= RECORDED INFORMATION =
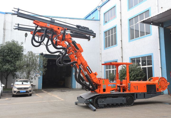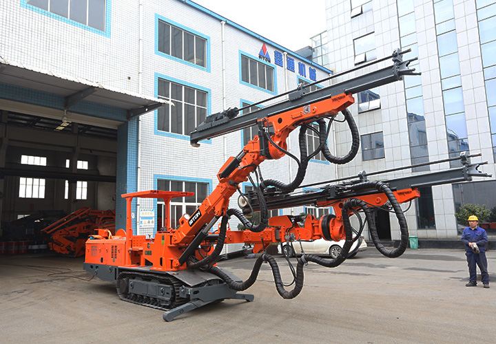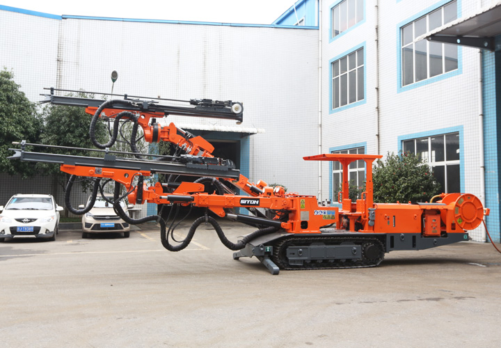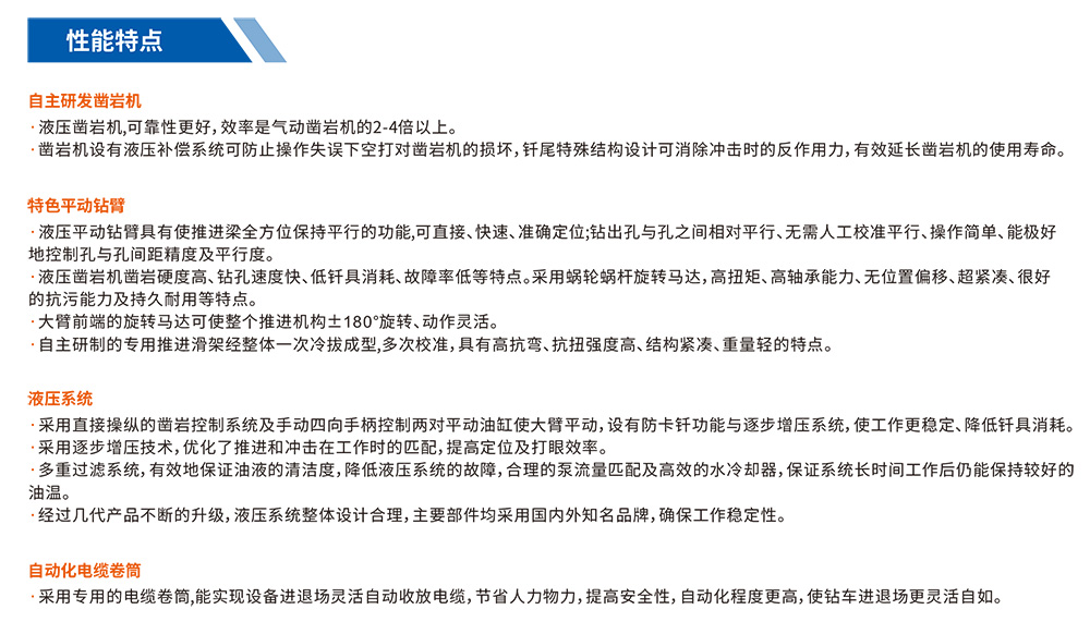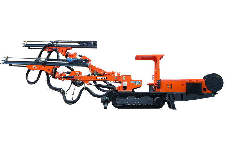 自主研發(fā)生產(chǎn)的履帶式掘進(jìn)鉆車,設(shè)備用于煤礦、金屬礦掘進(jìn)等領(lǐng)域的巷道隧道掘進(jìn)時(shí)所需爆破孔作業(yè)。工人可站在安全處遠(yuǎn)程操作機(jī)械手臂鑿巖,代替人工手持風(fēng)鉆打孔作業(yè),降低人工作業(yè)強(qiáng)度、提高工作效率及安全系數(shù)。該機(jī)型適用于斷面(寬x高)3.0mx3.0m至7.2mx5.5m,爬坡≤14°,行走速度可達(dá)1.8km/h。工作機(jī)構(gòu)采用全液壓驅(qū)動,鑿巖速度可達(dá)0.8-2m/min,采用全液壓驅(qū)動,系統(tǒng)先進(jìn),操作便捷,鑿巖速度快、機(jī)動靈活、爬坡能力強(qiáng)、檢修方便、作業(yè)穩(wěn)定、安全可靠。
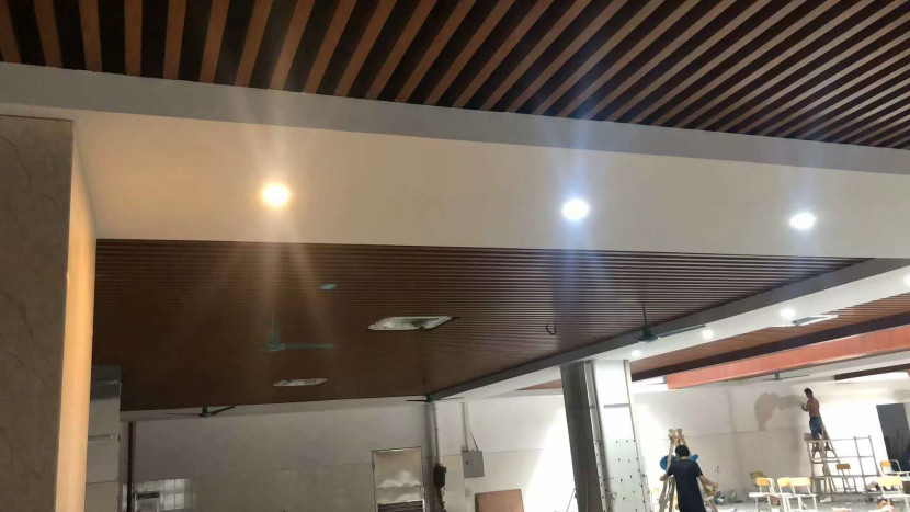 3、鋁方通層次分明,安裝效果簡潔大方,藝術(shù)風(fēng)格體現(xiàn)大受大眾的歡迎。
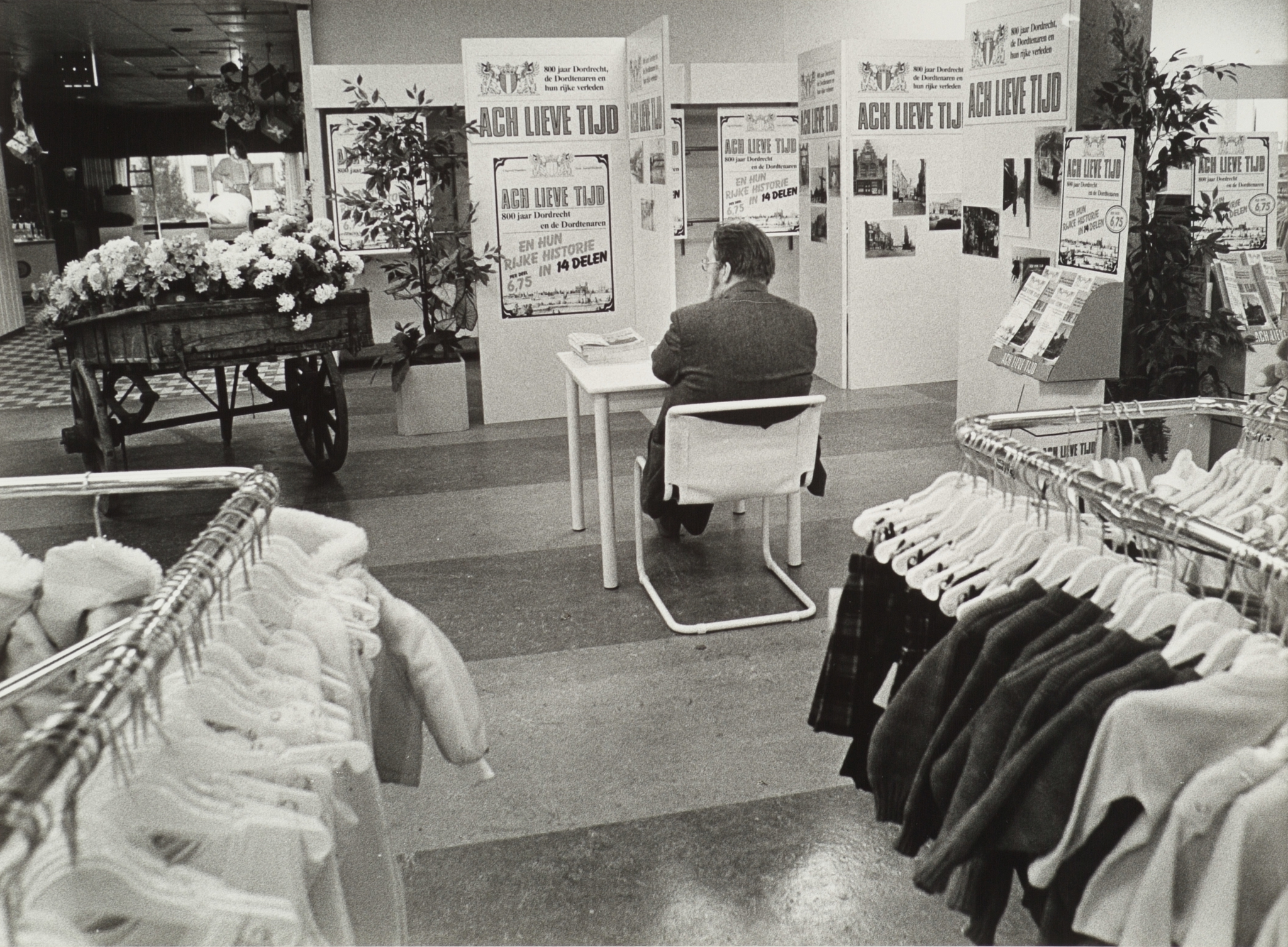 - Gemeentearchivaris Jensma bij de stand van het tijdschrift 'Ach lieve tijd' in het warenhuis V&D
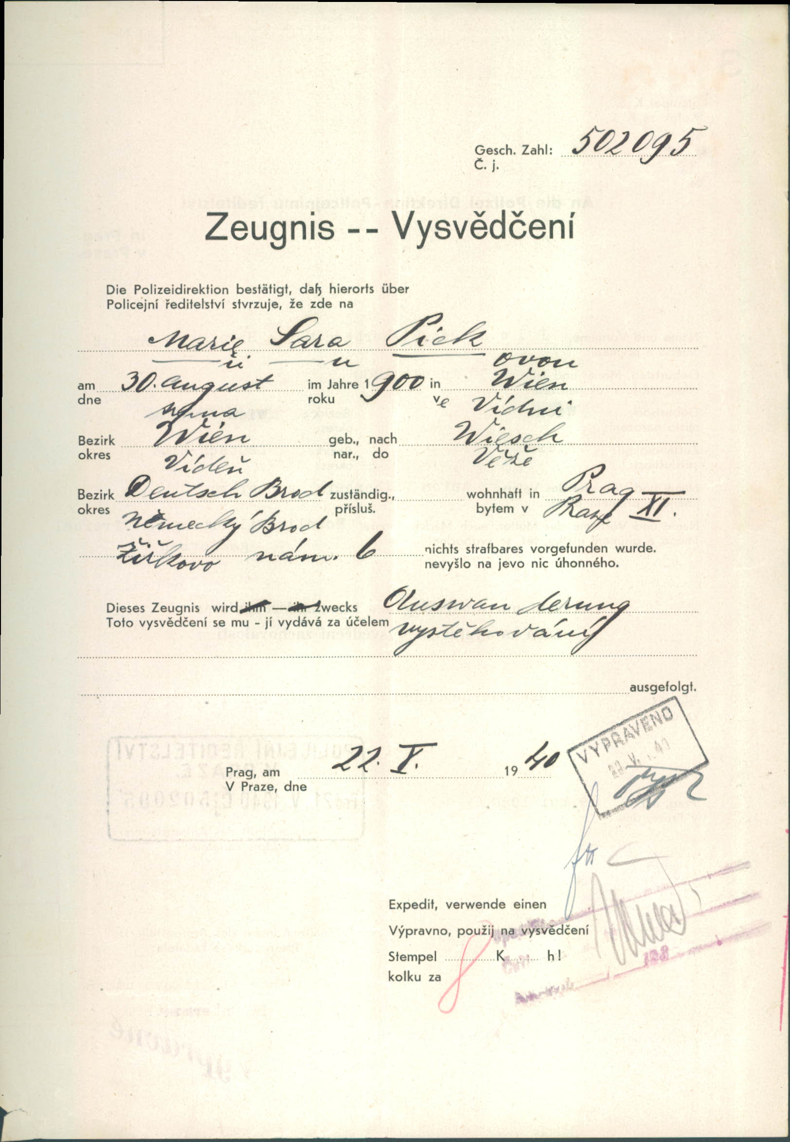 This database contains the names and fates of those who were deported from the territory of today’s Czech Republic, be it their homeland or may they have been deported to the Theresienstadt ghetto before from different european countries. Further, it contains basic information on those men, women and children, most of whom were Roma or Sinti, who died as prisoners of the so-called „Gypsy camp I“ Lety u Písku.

= TASK OBJECTIVE =
Retype each line above exactly. Leave the images out.

= RESPONSE BELOW =
 自主研發(fā)生產(chǎn)的履帶式掘進(jìn)鉆車,設(shè)備用于煤礦、金屬礦掘進(jìn)等領(lǐng)域的巷道隧道掘進(jìn)時(shí)所需爆破孔作業(yè)。工人可站在安全處遠(yuǎn)程操作機(jī)械手臂鑿巖,代替人工手持風(fēng)鉆打孔作業(yè),降低人工作業(yè)強(qiáng)度、提高工作效率及安全系數(shù)。該機(jī)型適用于斷面(寬x高)3.0mx3.0m至7.2mx5.5m,爬坡≤14°,行走速度可達(dá)1.8km/h。工作機(jī)構(gòu)采用全液壓驅(qū)動,鑿巖速度可達(dá)0.8-2m/min,采用全液壓驅(qū)動,系統(tǒng)先進(jìn),操作便捷,鑿巖速度快、機(jī)動靈活、爬坡能力強(qiáng)、檢修方便、作業(yè)穩(wěn)定、安全可靠。
 3、鋁方通層次分明,安裝效果簡潔大方,藝術(shù)風(fēng)格體現(xiàn)大受大眾的歡迎。
 - Gemeentearchivaris Jensma bij de stand van het tijdschrift 'Ach lieve tijd' in het warenhuis V&D
 This database contains the names and fates of those who were deported from the territory of today’s Czech Republic, be it their homeland or may they have been deported to the Theresienstadt ghetto before from different european countries. Further, it contains basic information on those men, women and children, most of whom were Roma or Sinti, who died as prisoners of the so-called „Gypsy camp I“ Lety u Písku.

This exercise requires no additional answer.